Site icon David Boles, Blogs

Trumping the Droplet

I have always been appalled by the idea that if a person has “one drop” of “Black” blood in them, then they are “Black.”

If you have “The Drop,” then no other ethnicity, skin color, or culture can trump that Black droplet.

I wonder where that notion of a single drop of blood making you Black was invented.

It seems impossible that idea came from the scientific community.

A single drop of pure water doesn’t make the ocean any less salty.
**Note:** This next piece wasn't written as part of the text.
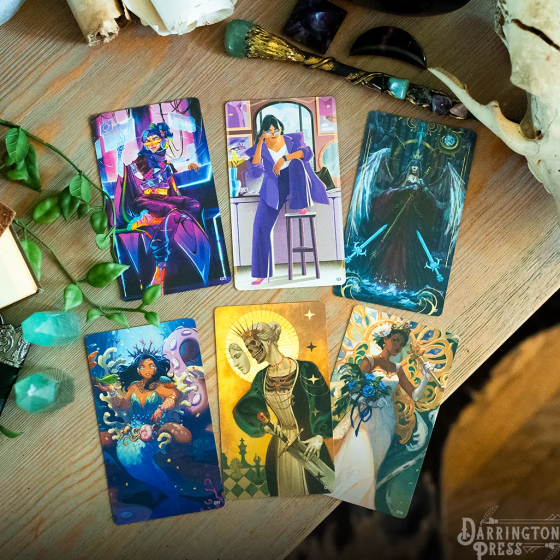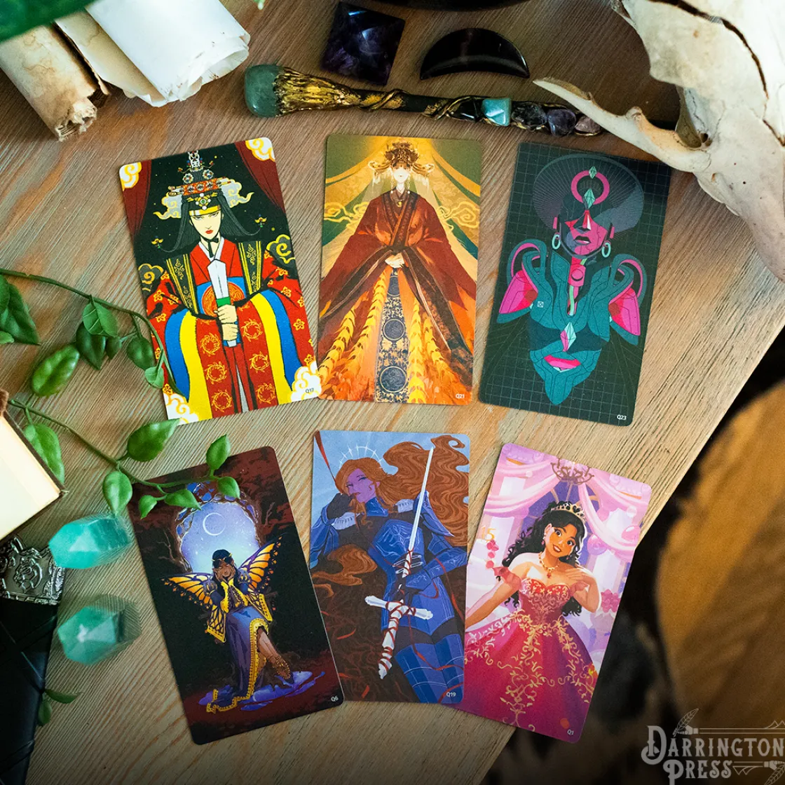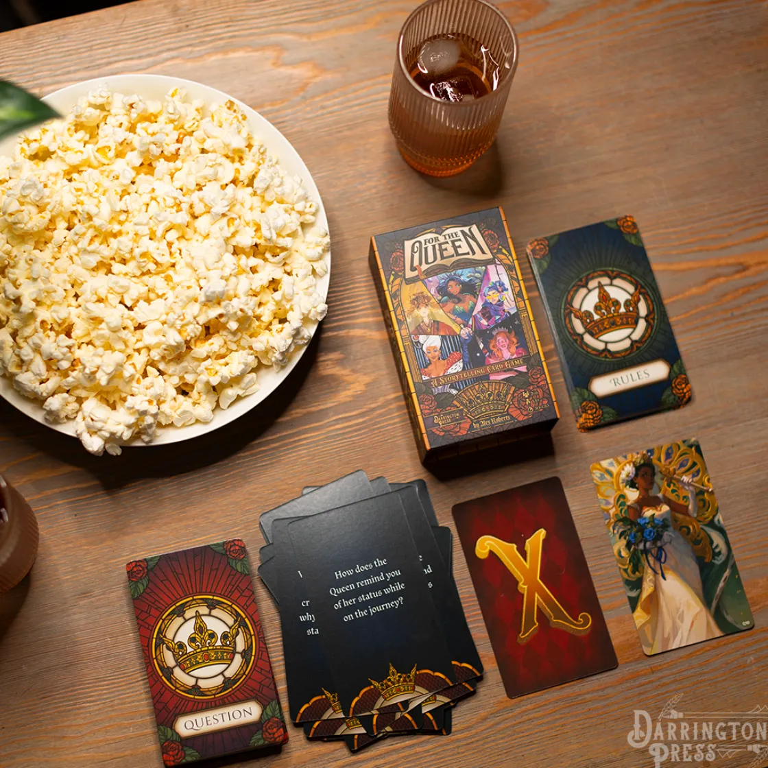 The 91 cards come in a travel-ready box with a ribbon perfectly placed for easy card removal, making this game ideal for on-the-go gameplay at a convention, around a campfire, or waiting in line at the DMV! With 25 uniquely illustrated Queens to inspire you, and taking place in any genre or setting you choose, you’ll never tell the same tale twice.

Adding a single speck of sugar to cookie dough doesn’t make the cookie any sweeter.

If Racial identification by blood droplet isn’t chemical or scientific — then is it a cultural condemnation and a preservation of a social pecking order used to falsely mediate expectation? 

The droplet identifier isn’t perceived as a mark of pride by those attending the notion and applying its appeal. There isn’t a day when we celebrate “Being a little Black” in the same spirit that we celebrate having “A little Irish in all of us” on Saint Patrick’s Day.
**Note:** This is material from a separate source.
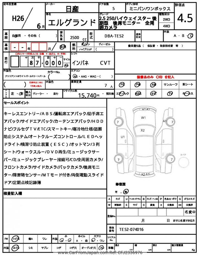 Nissan Elgrand 2014 for sale in Malawi (Mwk. 13,802,079)

Is the idea of the droplet a mark to dehumanize those without identifiable — or stereotypical — “Black” skin in order to keep them down and under social control? Once accused, how does one disprove they do not have the droplet?

Is it possible we all have a droplet of Black blood? How can anyone truly know the genetic blood history of their ancestors from thousands of years ago? There is no blood test that can differentiate a single drop of blood from the rest of the body’s blood pool.

Why have we allowed the notion — the total evisceration — of a person based on the theory of a single droplet? Can we ever trump the droplet or not?